Know Your GBBS History: Sweet Dough Week
Our latest series runs down the truth behind the popular bakes featured on The Great British Baking Show. This week: Sweet Dough!
Sweet Doughs
Sweet doughs are the dessert variation on Bread Week. With Paul Hollywood staking his reputation as the Bread Master, the show felt having just Bread Week for him wasn't enough. Sweet Dough Week lasted two seasons: this one and the next (which we in the US know as Season 2). After that the show began branching out with "Advance Dough" or "Batter."
Sweet Buns
The most well known of the Sweet Dough family, these sugar breakfast bakes are also known as "Sweet Rolls" or "Sweet Breads." The U.K. varieties encompass everything from the hot cross buns of the Middle Ages, to the Chelsea bun which came into vogue in the 18th century, to the Scottish cream bun most Americans think of as High Tea fare.
Chelsea buns were the go-to in the Signature bake this week. Inspired by the fruit and cinnamon buns which had been popular breakfast fare for centuries, this forerunner to the modern cinnamon roll sold in groceries everywhere is the one most associated with the U.K., even though their biggest fans during the time period were the members of the German House of Hanover.
Jam Doughnut
Known everywhere else as the Jelly Donut, the Berliner was invented in the area which would become known as Germany in the late 1400s. The first record of the "Gefüllte Krapfen," which was basically a jam sandwich fried in lard, was published in 1485. With slavery in the New World, the availability of sugar in Europe spiked and prices dropped in the 1600s, making the doughnut far more widely available in urban areas.

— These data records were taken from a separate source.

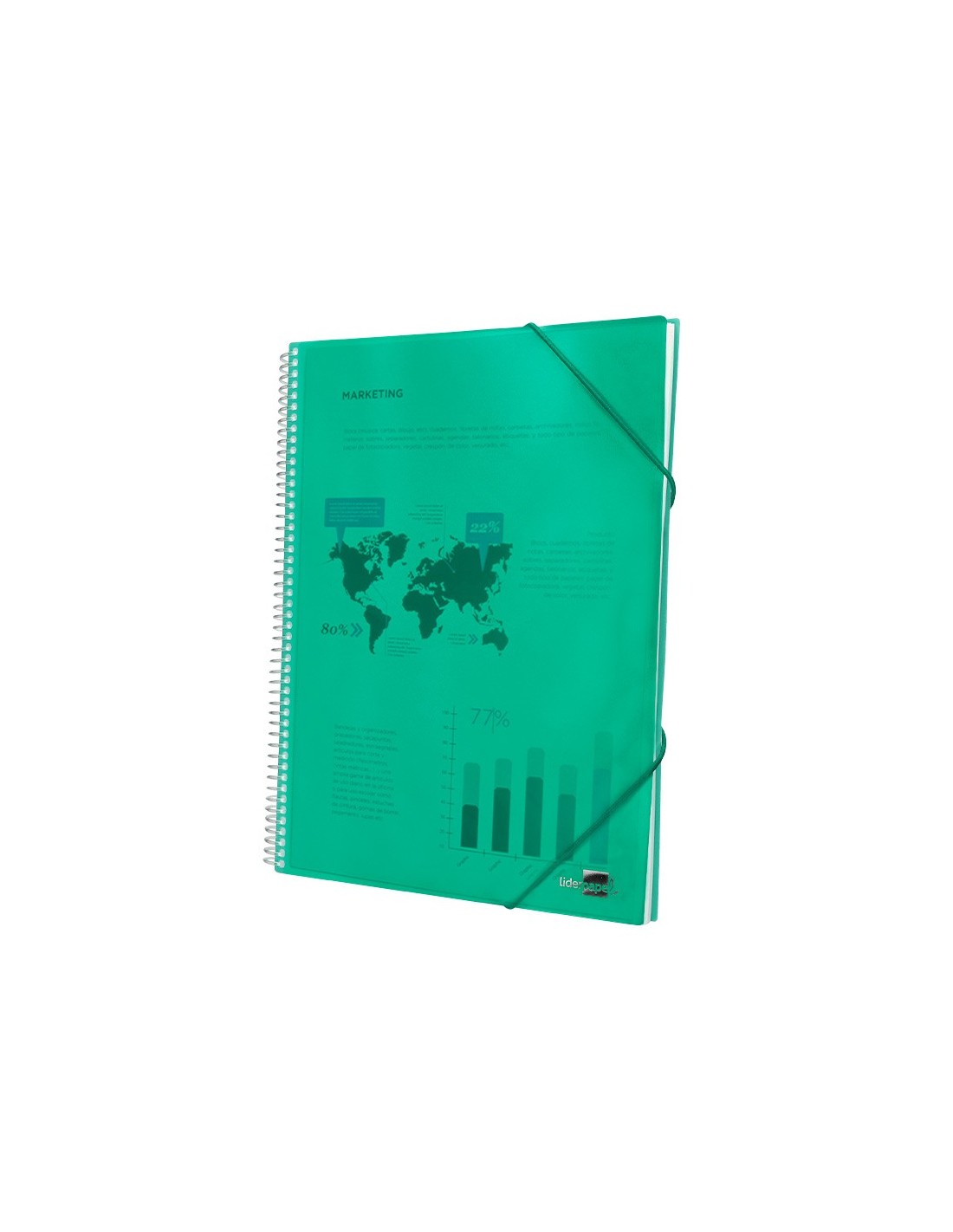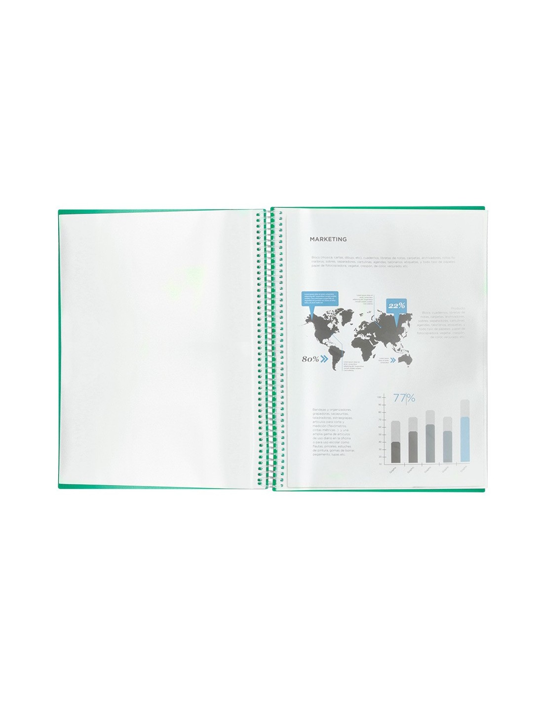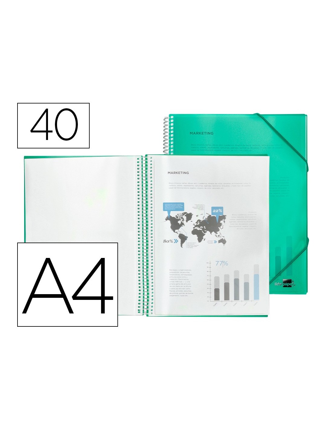Carpeta escaparate fabricada en polipropileno translúcido. Cubierta rígida. Encuadernada con espiral para mayor comodidad y cierre con gomilla. Portada 750 micras. Fundas 75 micras.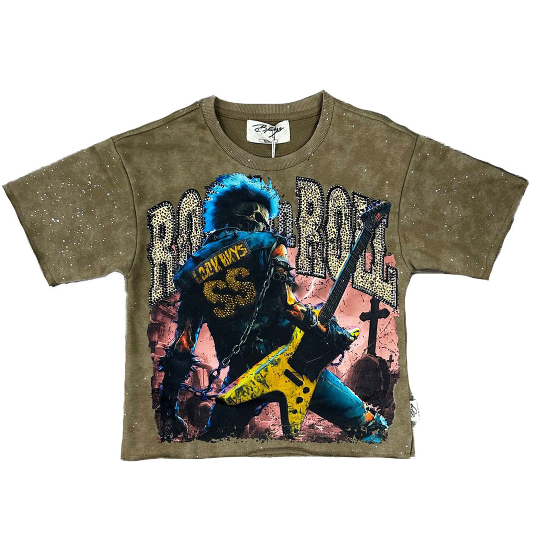Boys Rock N Roll Cropped Tee (Khaki)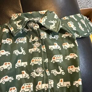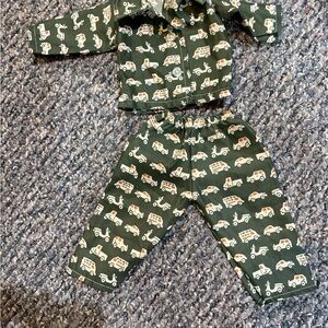 Adorable green pajama set featuring a playful car print. Perfect for cozy nights.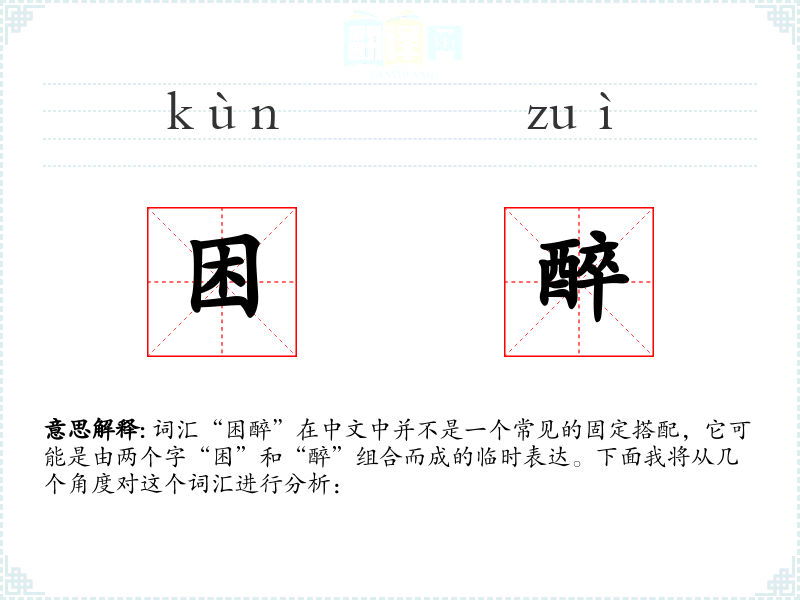 词汇“困醉”在中文中并不是一个常见的固定搭配,它可能是由两个字“困”和“醉”组合而成的临时表达。下面我将从几个角度对这个词汇进行分析: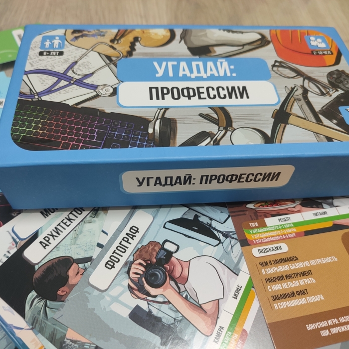 Недавно у нас прошел вечер настольных игр. У старших воспитанников темой вечера стала настольная карточная игра "Угадай: Профессии». В ходе игры ребята вспомнили и закрепили уже имеющиеся знания о профессиях, выявили эмоциональное отношение к разным профессиям, научились выделять профессионально важные качества профессий.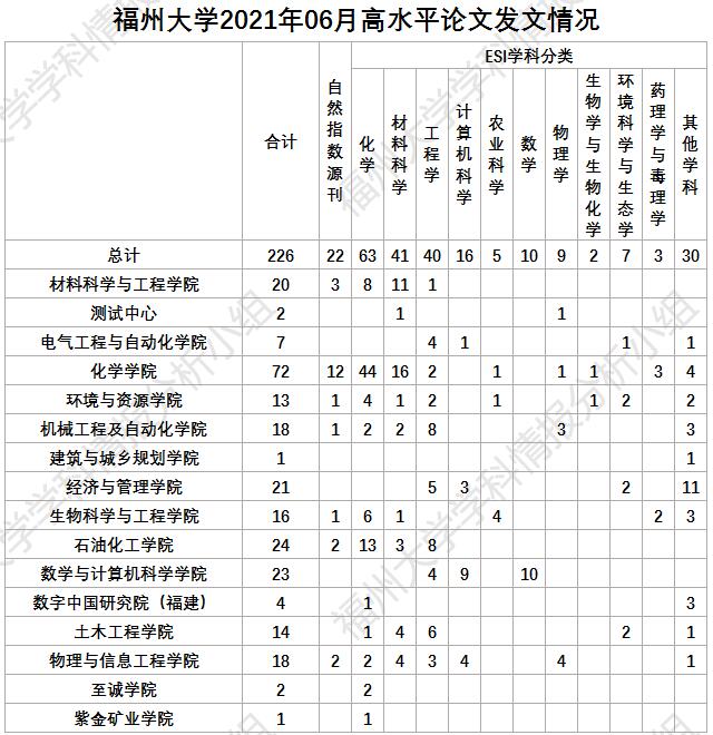 为了方便我校教学科研、科研管理等相关人员及时了解、跟踪本校高水平论文的收录情况,福州大学学科情报分析小组利用WoS数据库对近期作者单位为“福州大学”的论文进行了收集整理统计,更新时间为2021年07月01日。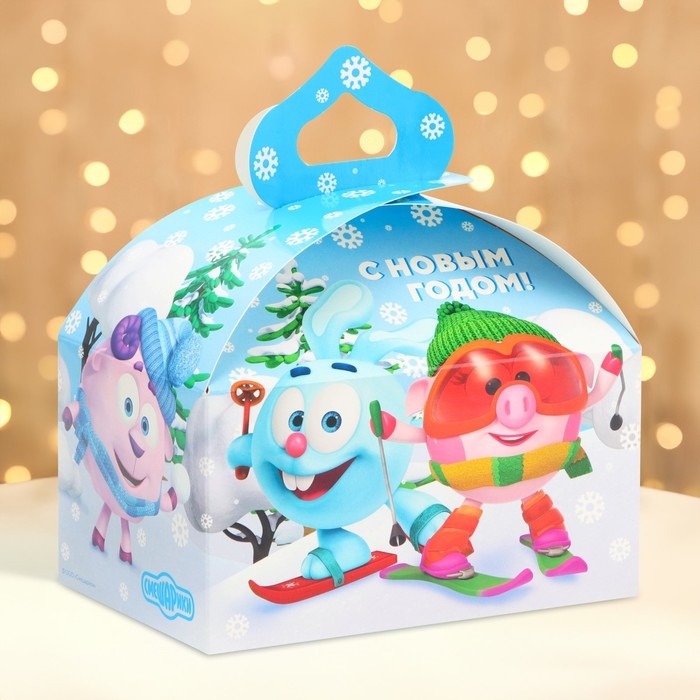 Новый год. Подарочная коробка Новогодняя Сундучок "Смешарики" лицензия 18,5 х 12,5 х 16,5 см (+5,5 см).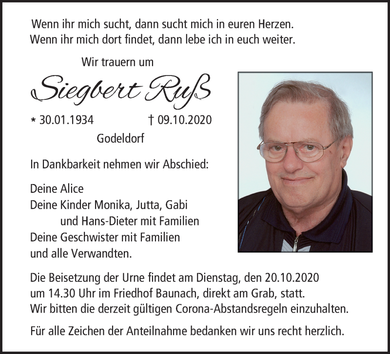 Hier finden Sie alle Traueranzeigen aus der Zeitung, die bisher für Siegbert Ruß erschienen sind. Weitere Traueranzeigen, die in der Zeitung erscheinen, werden hier ebenfalls aufgelistet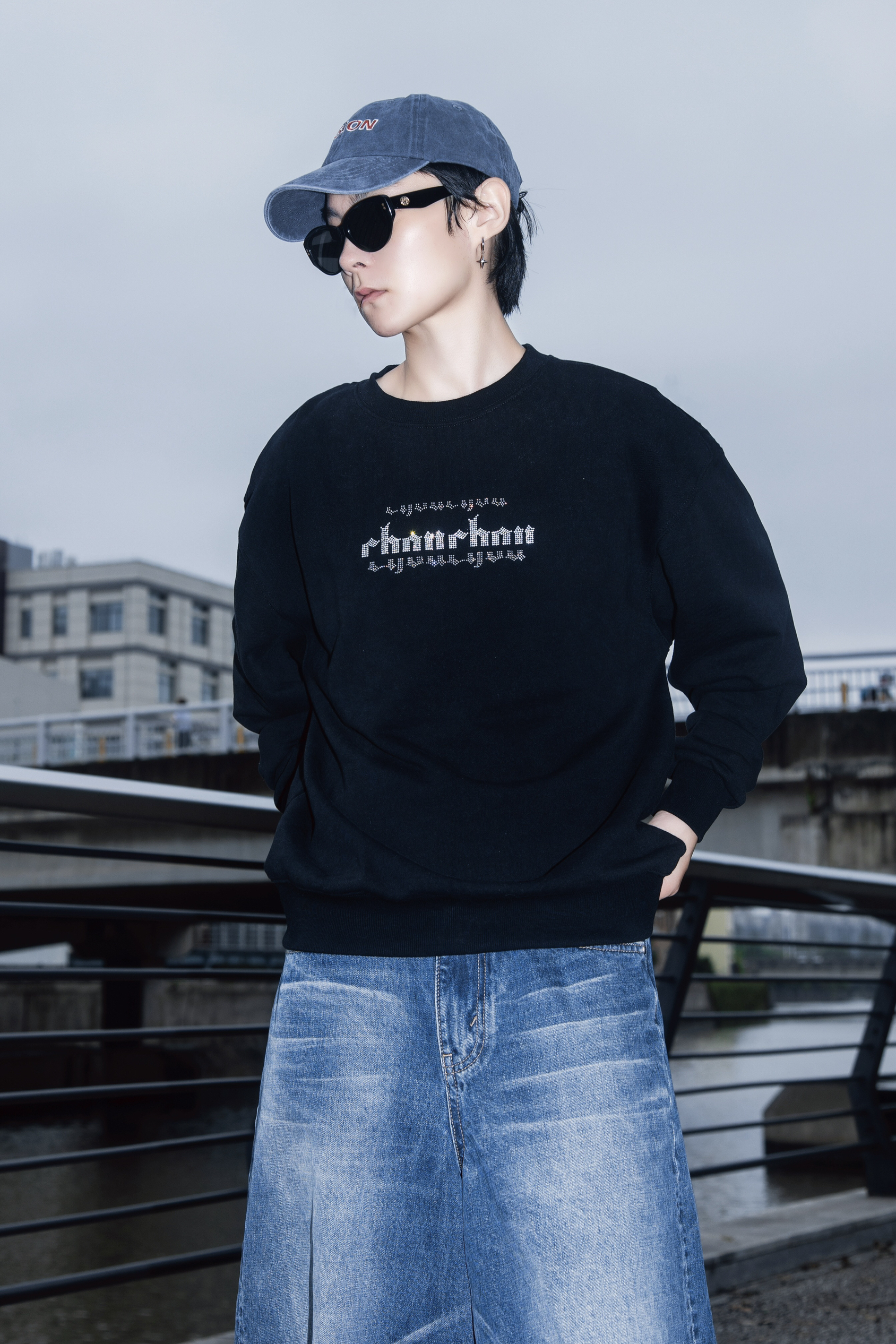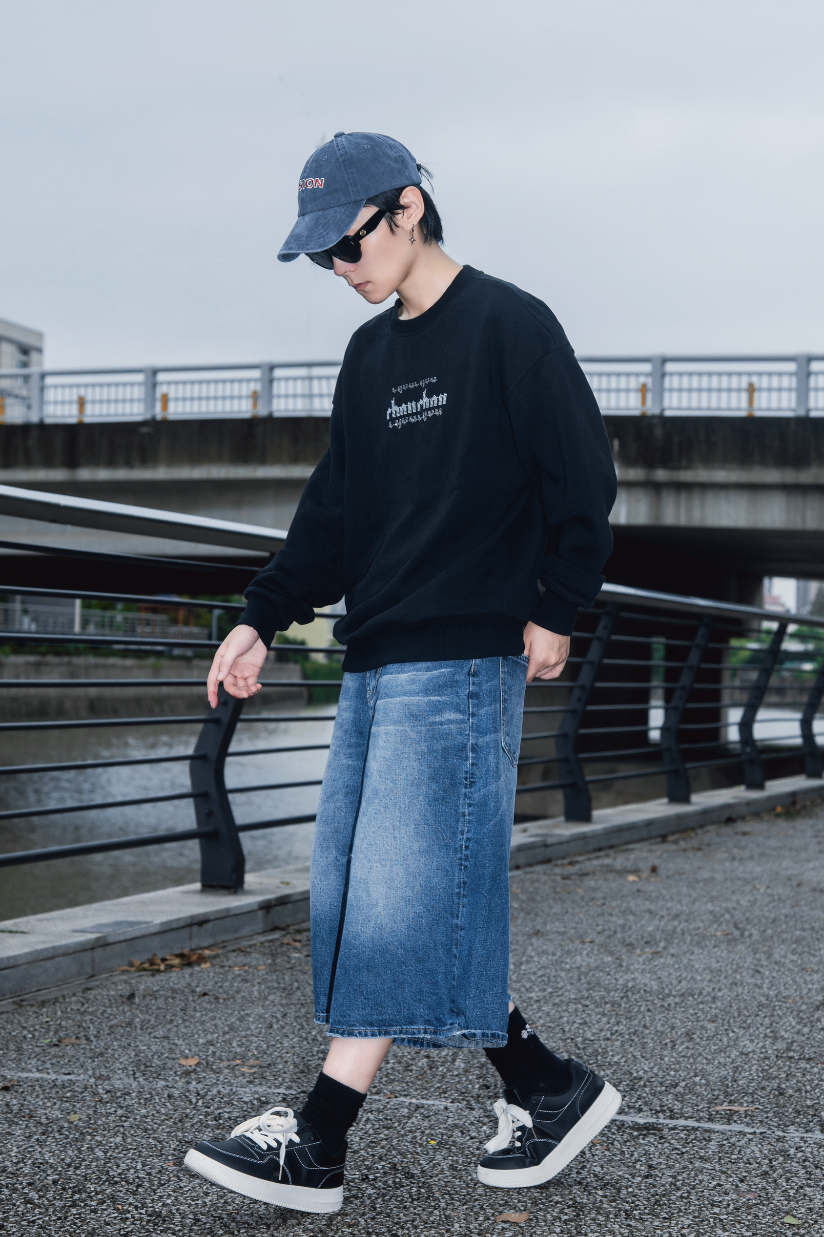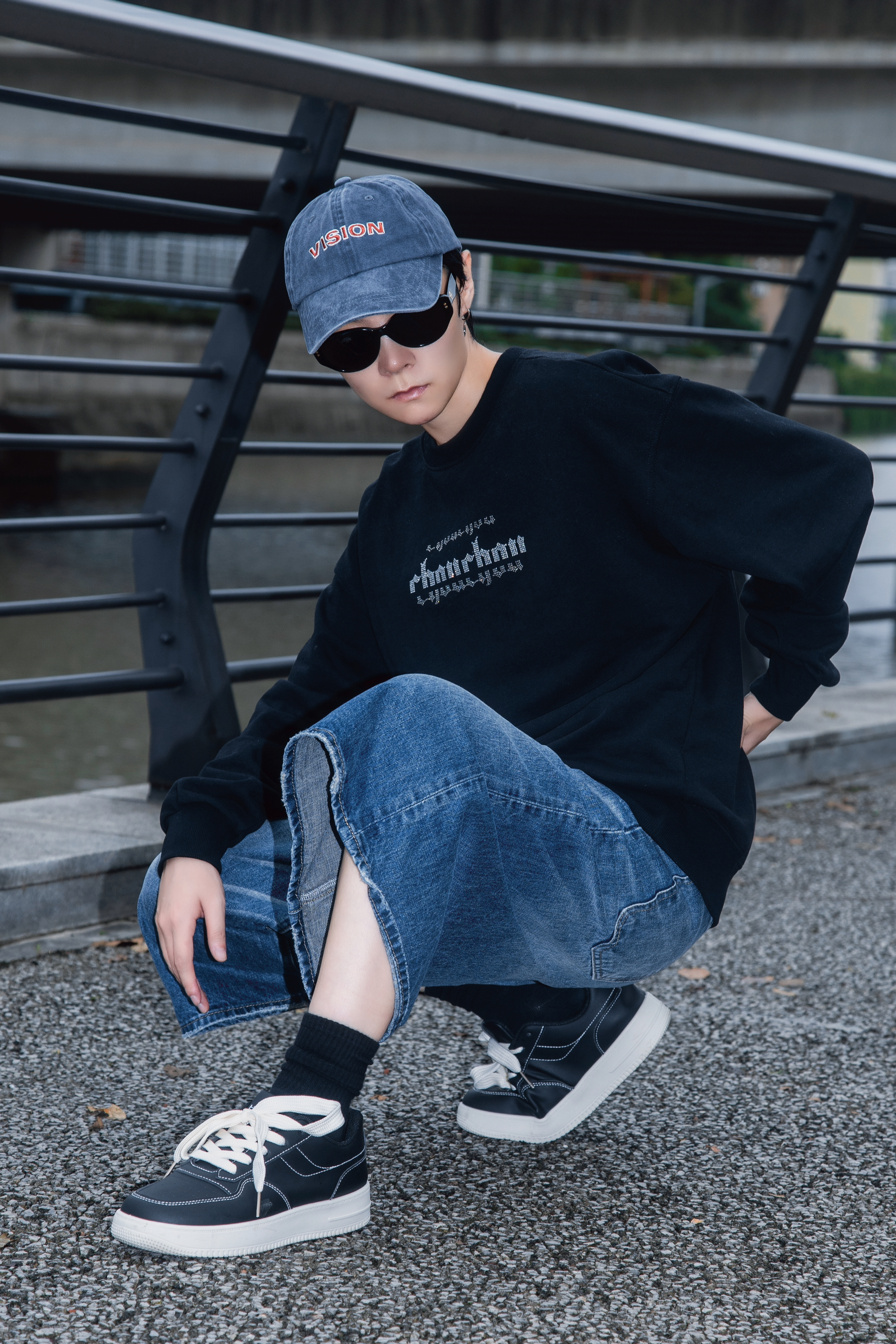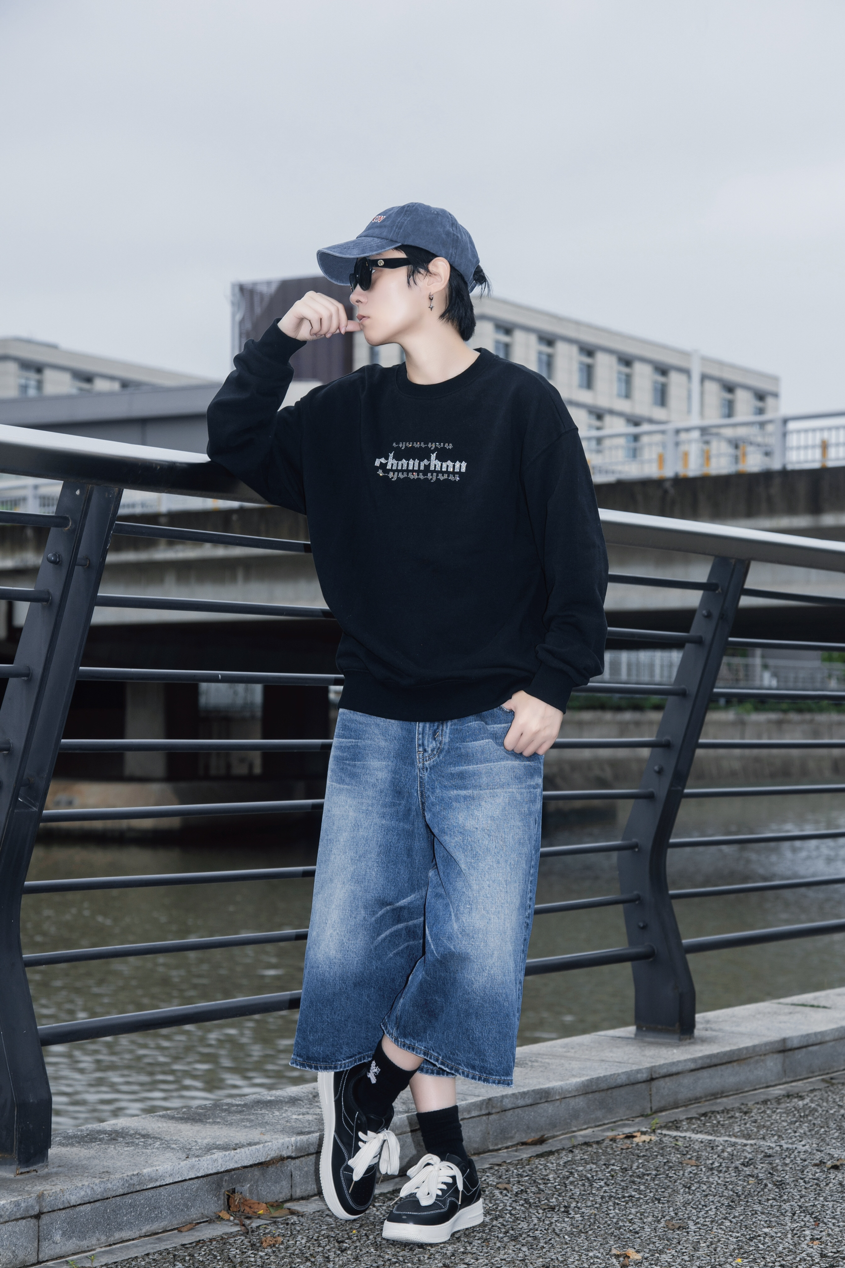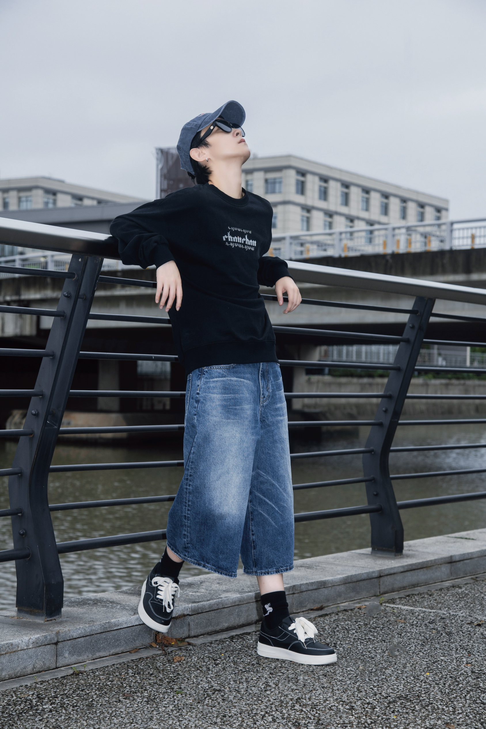 假如你有一件黑色圆领卫衣 一起来看看怎么穿才好看 入秋了可以选一件重磅卫衣 宽松的版型会更随性 周同学这件有烫钻印花 给基础款增加些亮点 配一条蓝色七分牛仔裤 水洗做旧处理 街头感这不就有了 搭一双黑色板鞋首尾呼应一下 戴一顶牛仔鸭舌帽 哎哟 就是这么拽酷拽酷的

But it wasn't until the 1750s when a baker from Berlin was hired to become the chief cook for the Prussian army and began frying gobs of dough with jam inside, that the stuffed donut became popularized and associated with what is now the capital city of Berlin. Since then the recipe has slowly morphed into the jelly doughnut, a fried dough ball stuffed with jam, available at your local Krispy Kreme.
Celebratory Loaves
In America, we would think of this as a cousin of the King Cake served on Fat Tuesday, but in the U.K. the "celebratory loaf" is a dish served around either the Christmas or Easter holiday. This episode gave us examples of both, with the German Stollen and the springtime Brioche. Ryan made the Cantonese cousin of the dish known as the Cha Siu Bao.
The Stollen was popularized in England under Victoria, who basically invented the modern Christmas by adopting many of her beloved Albert's German traditions. The Brioche is French, dating back as far as 1404, though the butter-flour ratio we think of today stems from the time of excess under Louis XIV. As for the Cha Siu Bao, the sweet version of the steamed bun supposedly has existed for centuries, served in Guangzhou, the city at the eastern end of the Silk Road.